**TASK TO COMPLETE:** Copy, word for word, the lines of the listing below from the line with "Чиновники підготувалися до" up to and including the line with "В рамках второго". Drop the pictures.

**PROVIDED DATA:**
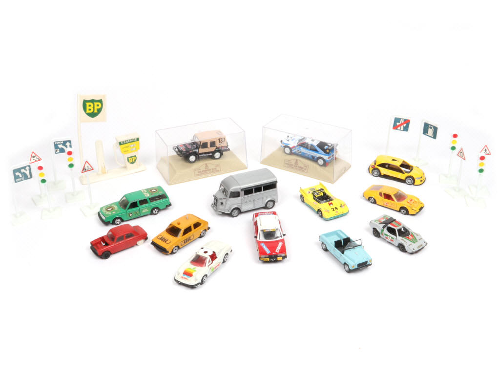 comprend les modèles : CITROEN; PEUGEOT, LIGIER & VOLKSWAGEN - avec manques & parties cassées - on y joint une peugeot 204 avec marquage 'BONUX' & 13 accessoires en plastique
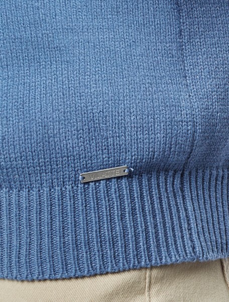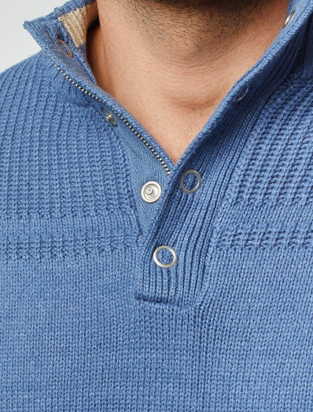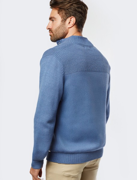 Свитер фактурной вязки с застежкой на крупные кнопки выполнен из мягкой хлопковой пряжи с добавлением акрила. Модель из такого материала не препятствует циркуляции воздуха, но при этом хорошо сохраняет тепло и не колется, поэтому ее комфортно носить на голое тело. С помощью кнопок можно регулировать высоту воротника и носить свитер по-разному. Внизу изделия нашивка бренда из эко-кожи.
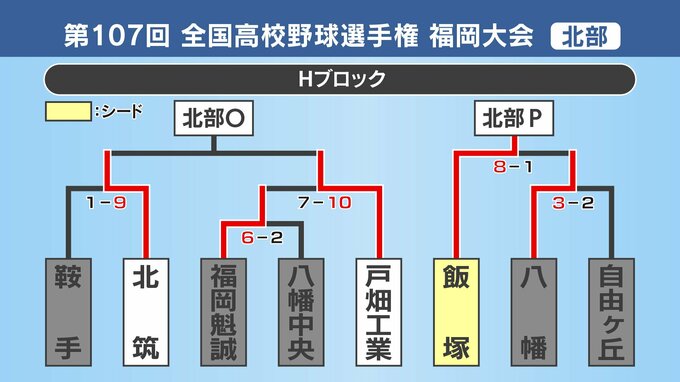 【めざせ甲子園!】夏の高校野球・福岡大会(北部)12・13日の結果 北九州市立・小倉工業・嘉穂東・高稜・直方・戸畑・東筑紫学園・飯塚がベスト32進出 2025年7月14日(月) 13:05 国内 【北部Hブロック】コールド勝ちの飯塚がベスト32進出 飯塚8-1八幡
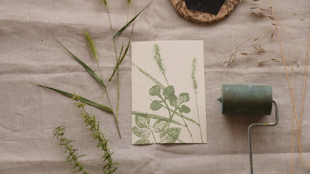 色々な質感の草たちを、自由に組み合わせて版画のカードを仕立てて、花を活けるように、壁に掛けておくのもいいです。
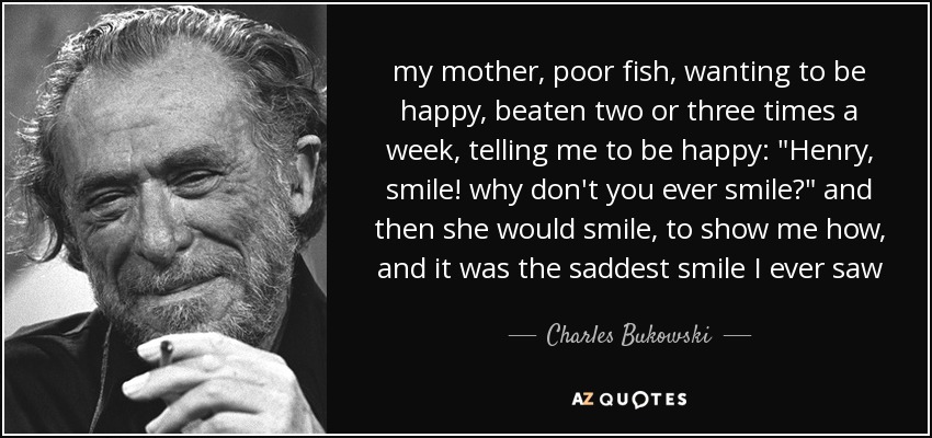 my mother, poor fish, wanting to be happy, beaten two or three times a week, telling me to be happy: "Henry, smile! why don't you ever smile?" and then she would smile, to show me how, and it was the saddest smile I ever saw
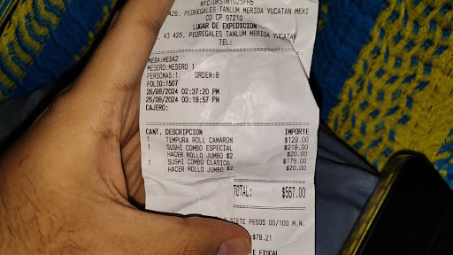 Read morePrimero lo primero, la comida está muy buena pero realmente no volvería a comer ahí. ¿Porqué? No respetan sus precios la vdd se me hace súper raro, dicen tener un 20% de descuento los rollos en comerlos ahí y los cobran a precio normal, segundo, las cuentas del cobro no concuerdan, pero pues la vrd no me pareció eso, aparte pague antes de revisar el ticket, admito mi error pero para que no les suceda revisen antes lo que les están cobrando. Pero probablemente me cobraron el precio normal + el combo cosa que no especificaron, realmente no volvería pero admito que la comida si está buena. (Odie que me dieran en el menú la imagen de la verdura tempura y en el momento que la traen es la tempura rayada,...
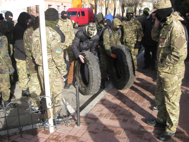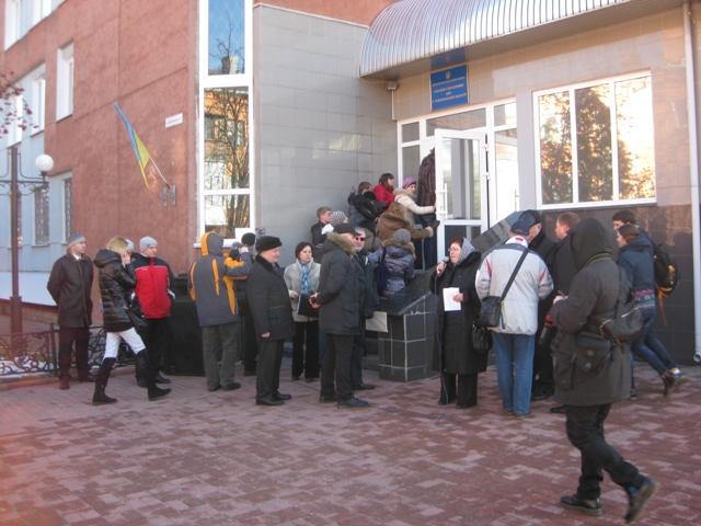 Чиновники підготувалися до акції. У приміщенні установи вже була група молодих людей, які представились учасниками організації «Правий сектор» з Києва та пояснили, що прибули, щоб «слідкувати за порядком».
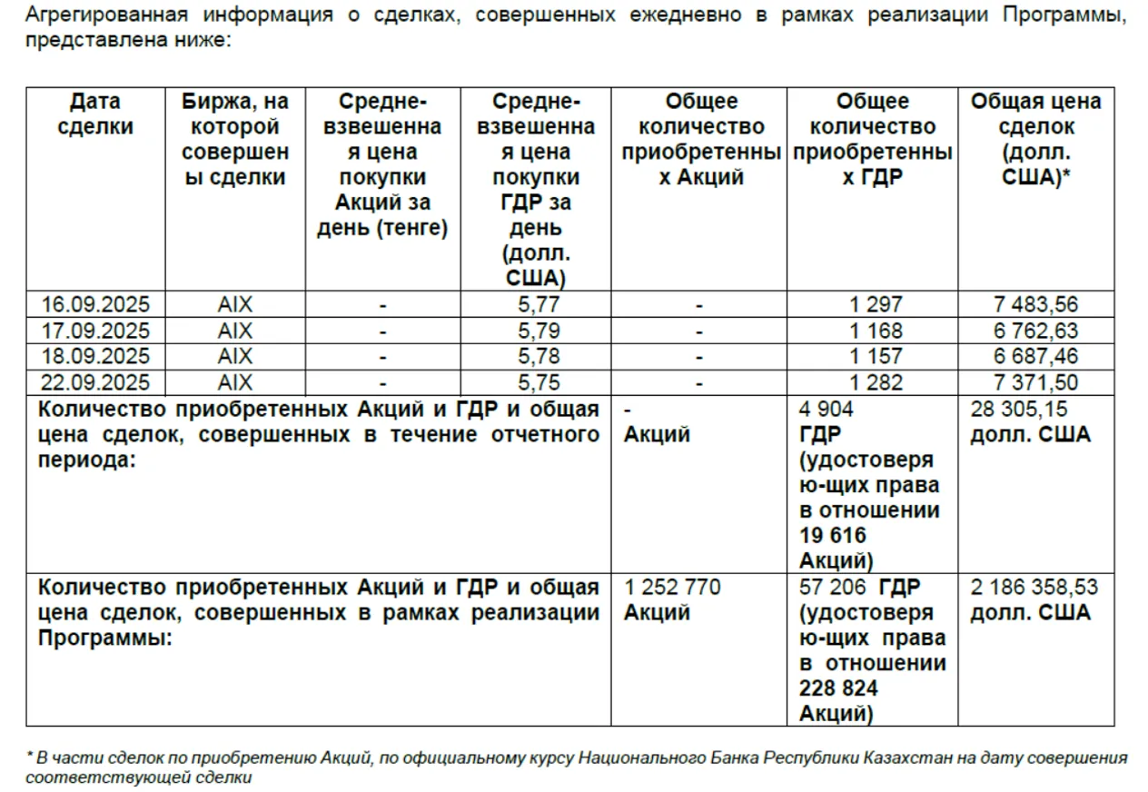 В рамках второго этапа программы обратного выкупа простых акций и глобальных депозитарных расписок (ГДР) Air Astana дополнительно выкупила на AIX с 16 по 22 сентября 2025 года 4 904 ГДР, сообщает корреспондент центра деловой информации Kapital.kz со ссылкой на информацию авиаперевозчика на сайте KASE.
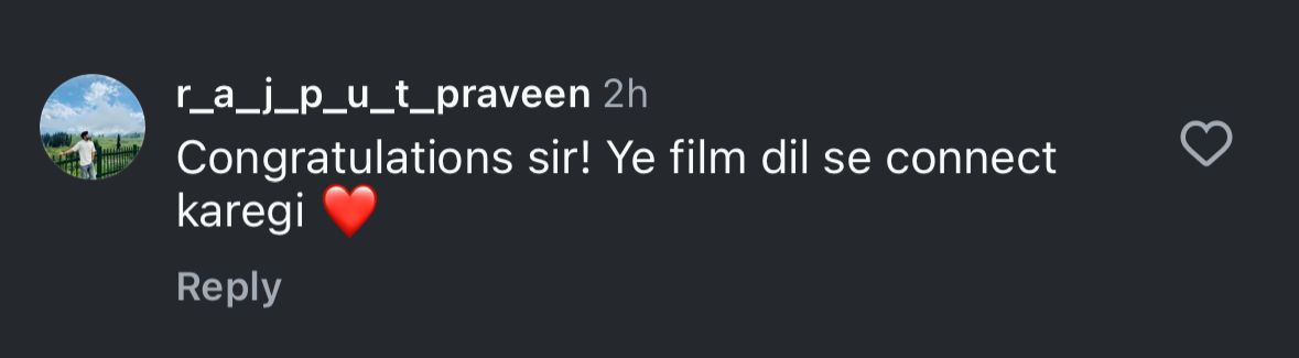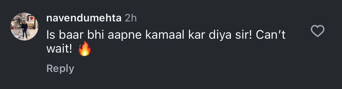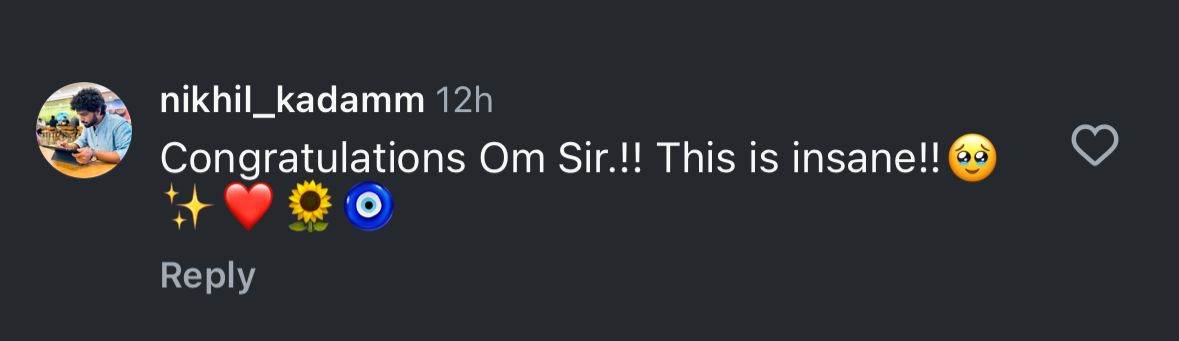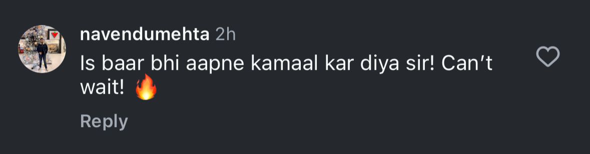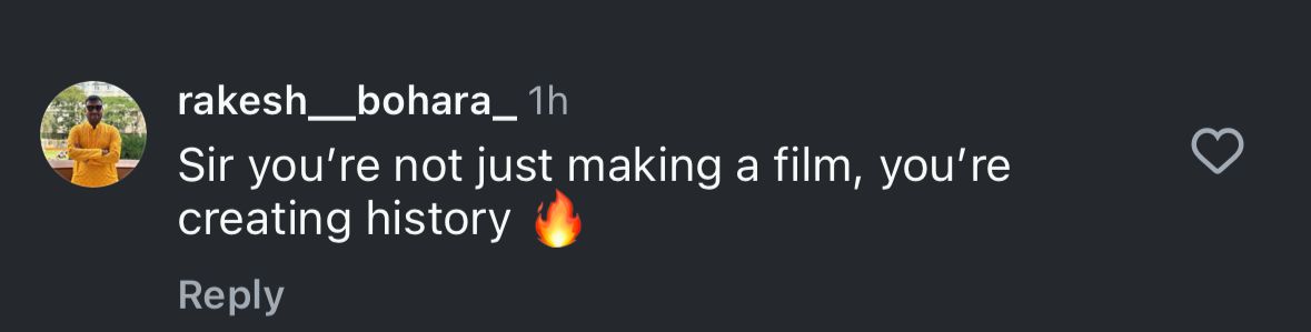 Expressing views about the biopic, Om Raut and his collaboration with Dhanush, one netizen wrote, "Aap sirf cinema nahi bana rahe, legacy bana rahe ho," while another wrote, "Ek aur iconic story aapke haathon se! Proud moment sir." A comment read, "Sir, you're not just making a film, you're creating history," and another read, "Visual storytelling ka agla level lag raha hai already." A user wrote, "Definitely Om Raut's direction is gonna rock in this movie," and another wrote, "Iss baar bhi aapne kamaal kar diya sir! Can't wait."
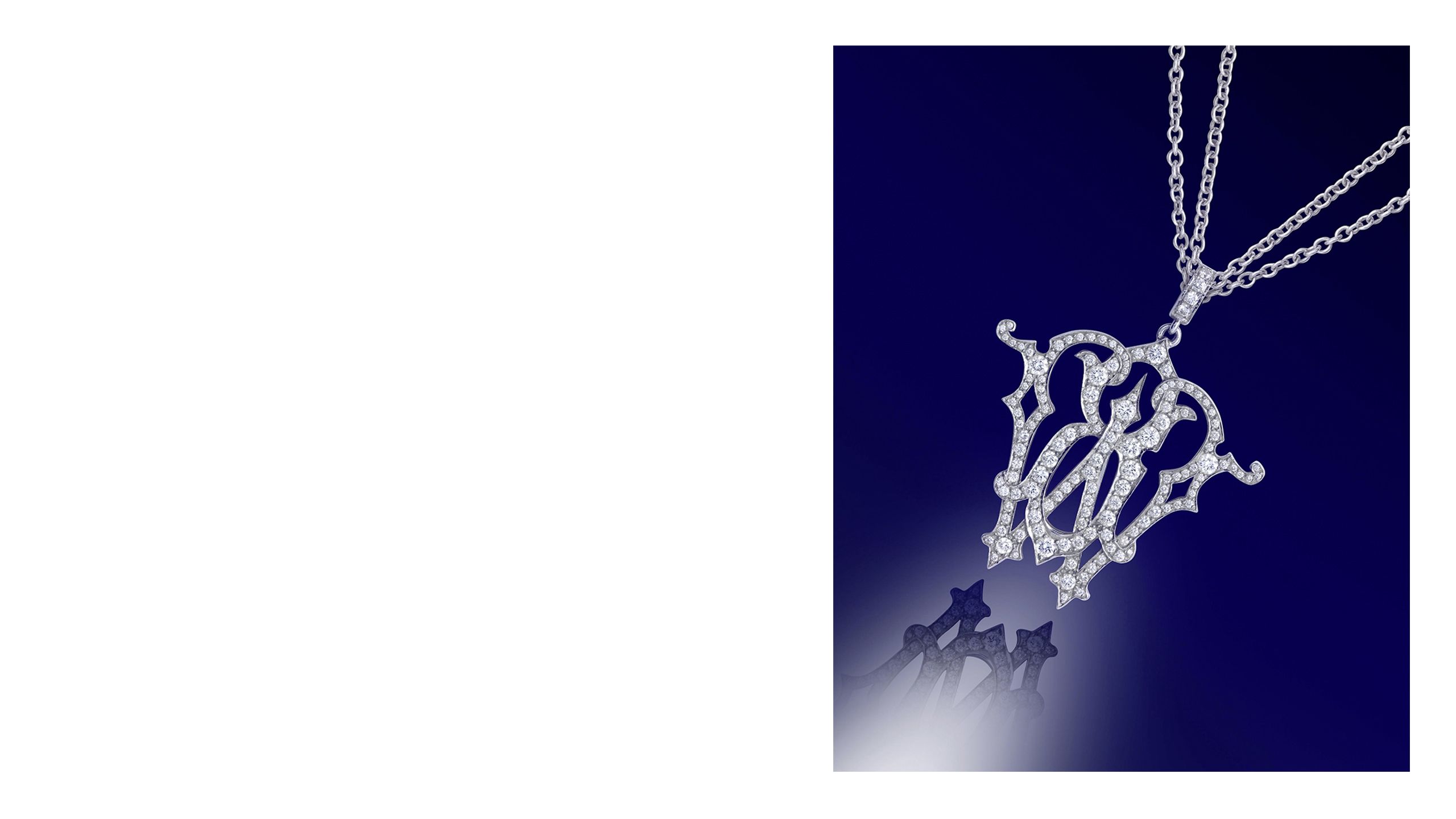 Another personal piece of jewelry in Barbara’s collection is this pavé-set diamond monogram necklace hand-crafted for her by Harry Winston, with the letters ‘BW’, suspended from a cable-link chain.
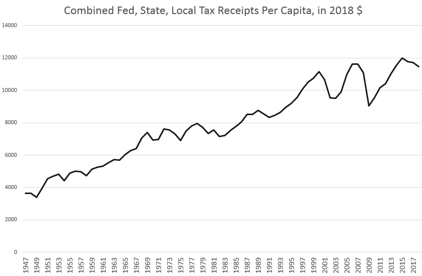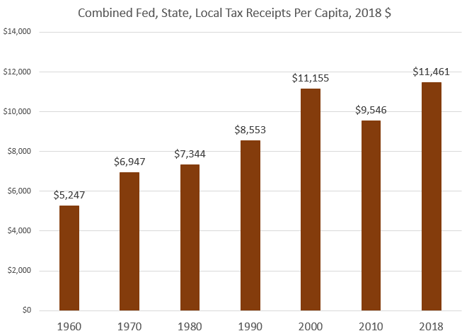 De 1960 a 2018, los ingresos por impuestos federales per cápita aumentaron de $3.523 a $5.973, un aumento del 70 por ciento.
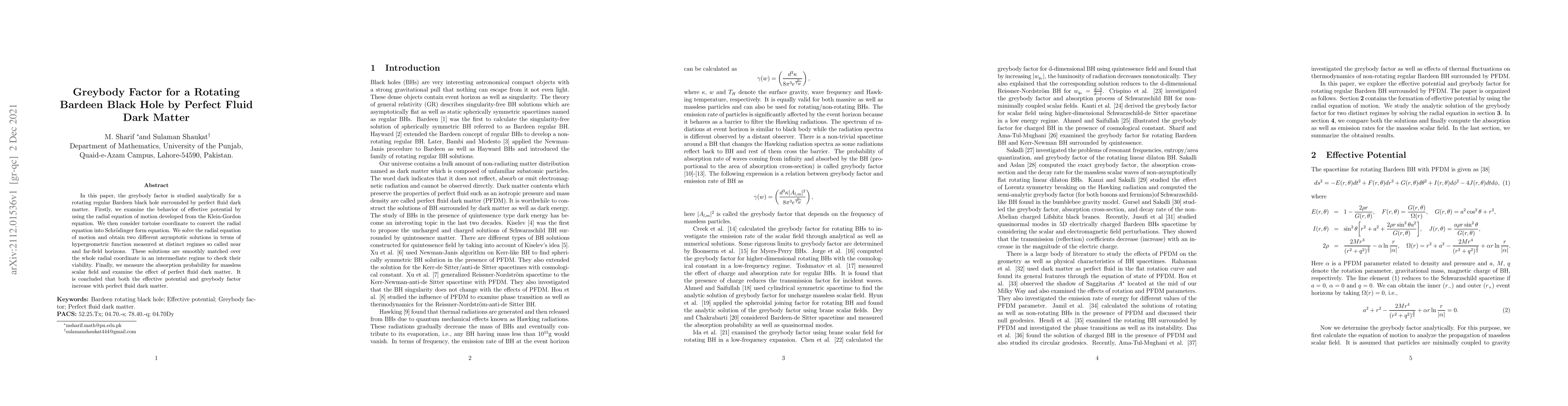 In this paper, the greybody factor is studied analytically for a rotating regular Bardeen black hole surrounded by perfect fluid dark matter. Firstly, we examine the behavior of effective potential by using the radial equation of motion developed from the Klein-Gordon equation. We then consider tortoise coordinate to convert the radial equation into Schr\"odinger form equation. We solve the radial equation of motion and obtain two different asymptotic solutions in terms of hypergeometric function measured at distinct regimes so called near and far-field horizons. These solutions are smoothly matched over the whole radial coordinate in an intermediate regime to check their viability. Finally, we measure the absorption probability for massless scalar field and examine the effect of perfect fluid dark matter. It is concluded that both the effective potential and greybody factor increase with perfect fluid dark matter.

**PROBLEM SOLUTION:**
 Чиновники підготувалися до акції. У приміщенні установи вже була група молодих людей, які представились учасниками організації «Правий сектор» з Києва та пояснили, що прибули, щоб «слідкувати за порядком».
 В рамках второго этапа программы обратного выкупа простых акций и глобальных депозитарных расписок (ГДР) Air Astana дополнительно выкупила на AIX с 16 по 22 сентября 2025 года 4 904 ГДР, сообщает корреспондент центра деловой информации Kapital.kz со ссылкой на информацию авиаперевозчика на сайте KASE.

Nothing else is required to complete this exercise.